If there is no name by which you can find commit L, you'll never see it again. Since commit L was the method you used to find commit K, you will never see that one again either. They remain in your Git repository for a while—exactly how long is hard to predict as it depends on both any hidden (reflog-only) names that still find commit L, and on how soon the maintenance git gc command get around to sweeping up unused commits and really removing them.

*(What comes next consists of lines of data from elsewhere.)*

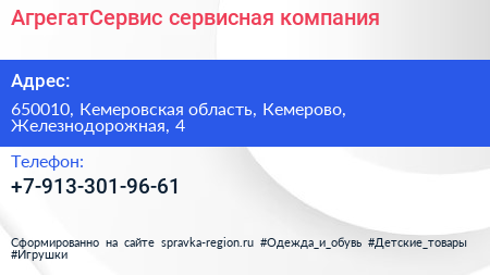 АгрегатСервис, сервисная компания по адресу 650010, Кемеровская область, Кемерово, Железнодорожная, 4 в дальнейшем Организация, размещена в следующих категориях:
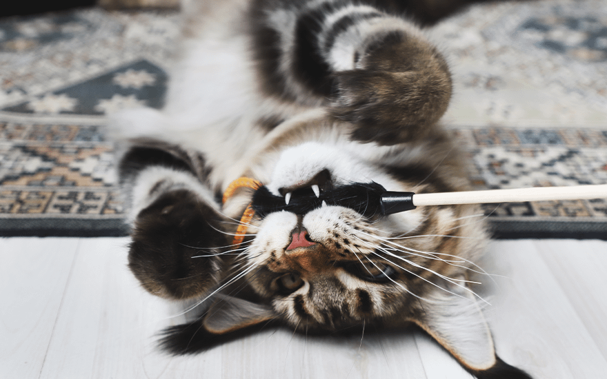 Потребность в активности у домашних кошек такая же, как у диких или уличных. Чтобы питомец не скучал и не хулиганил, с ним нужно регулярно играть. Приучать кошку играть с руками — плохая идея, поскольку она может заиграться, случайно поцарапать тебя или укусить. Чтобы игра была безопасной для тебя и интересной для питомца, воспользуйся удочкой-дразнилкой — она поможет кошке почувствовать себя настоящей дикой охотницей.
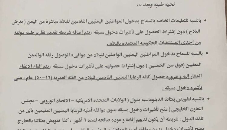 يذكر أن السلطات المصرية كانت تسمح لليمنيين بدخول مصر بتقرير طبي يمني معتمد من وزارة الصحة في عدن حتى لحظة صدور القرار.
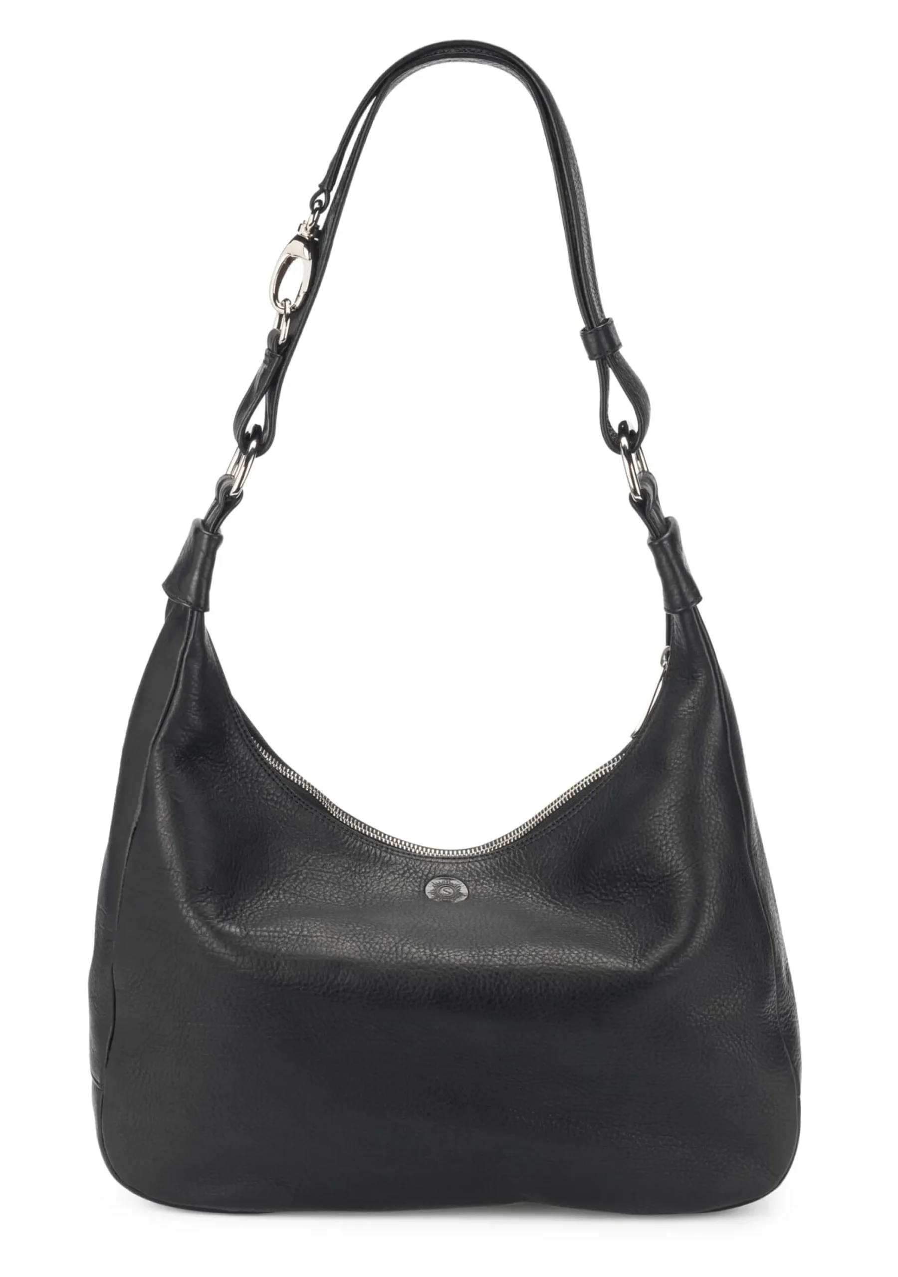 Die landläufige Meinung zu Damenhandtaschen ist wohl die, sie seien nie groß genug – sind sie aber ausreichend dimensioniert, dann findet sich auf die Schnelle nichts darin wieder. Diese Tasche bietet zum einen durch ihre Form viel Platz, erscheint dennoch nicht riesig. Zum anderen ist sie dank des über die ganze Breite verlaufenden Reißverschlusses sehr weit zu öffnen, sodass der Inhalt gut zu überblicken ist und sich sogar Unterlagen im A5-Format und größer im geräumigen Hauptfach verstauen lassen. Innen bieten ein Reißverschlussfach und zwei Steckfächer Platz für die Geldbörse, das Mobiltelefon oder Stifte. Eine eingenähte Lederschlange mit Karabiner sichert die Schlüssel, die man dadurch jederzeit schnell zur Hand hat. Das Leder ist sehr schmiegsam, die Tasche legt sich daher gut in Form und ist angenehm am Körper zu tragen. Ihr Trageriemen lässt sich über einen Karabiner in der Länge verstellen.

But deleting the name branch2 deletes the branch2 reflog, so the only reflog that probably still remembers L's raw hash ID is that for HEAD.

(If you have other branch and/or tag names that remember commits L and/or K, they'll still be findable that way, and won't ever be collected by the git gc garbage collector.)

Usually, after git merge --squash, the right thing to do is to delete the other branch name, and totally forget that those commits ever existed.

---

¹Technically, any Git repositories that never "meet" could re-use IDs from each other harmlessly. In practice, they just don't anyway. The chance of one Git object having the same hash ID as some Git object is, on its own, one in 2¹⁶⁰. Because of the Birthday paradox, this chance rises pretty fast as the number of objects increases, but it's still on the order of 1 in 10^-17 when you have fewer than many trillions of objects. See also Git hash duplicates.

Answer 2

resort to cherry-picking […] Over time as the code is tested and approved in a, b is now equal to a, with an empty diff, but the history shows, (as expected) a divergence in commits. I would like to eliminate this divergence, if I perform merge commits from either one into the other, I get a long string of commits […], which would pollute the history

You either have different commits in the histories, or the same ones. You can't have it both ways.

But you can easily not list the merged commits. git log --first-parent shows you only the commits on your main ancestry, without listing any merged-in history details. This is probably what you want. Folding a long string of commits into a single summary-merge commit, which can then be listed alone with --first-parent, is a useful trick. Hunt up --no-ff merges, they're how you do recorded summary merges, putting the merged history on a second-parent branch, rather than simply fast-forwarding over the whole list, keeping it as part of the main line.

Answer 3

My solution was to recreate the branch again.

Creating a new branch of a and cherry-picking the merge commits from b but using:

git cherry-pick -m 1 --allow-empty --keep-redundant-commits <sha>

Along with resolving any conflicts in favour of HEAD and using git commit --allow-empty.

I ended up a clean version of the history I cared about in b (which was the dates of the merges of various PRs), which was based off a. This allows proper merges from b into a to keep it up to date, and visa versa.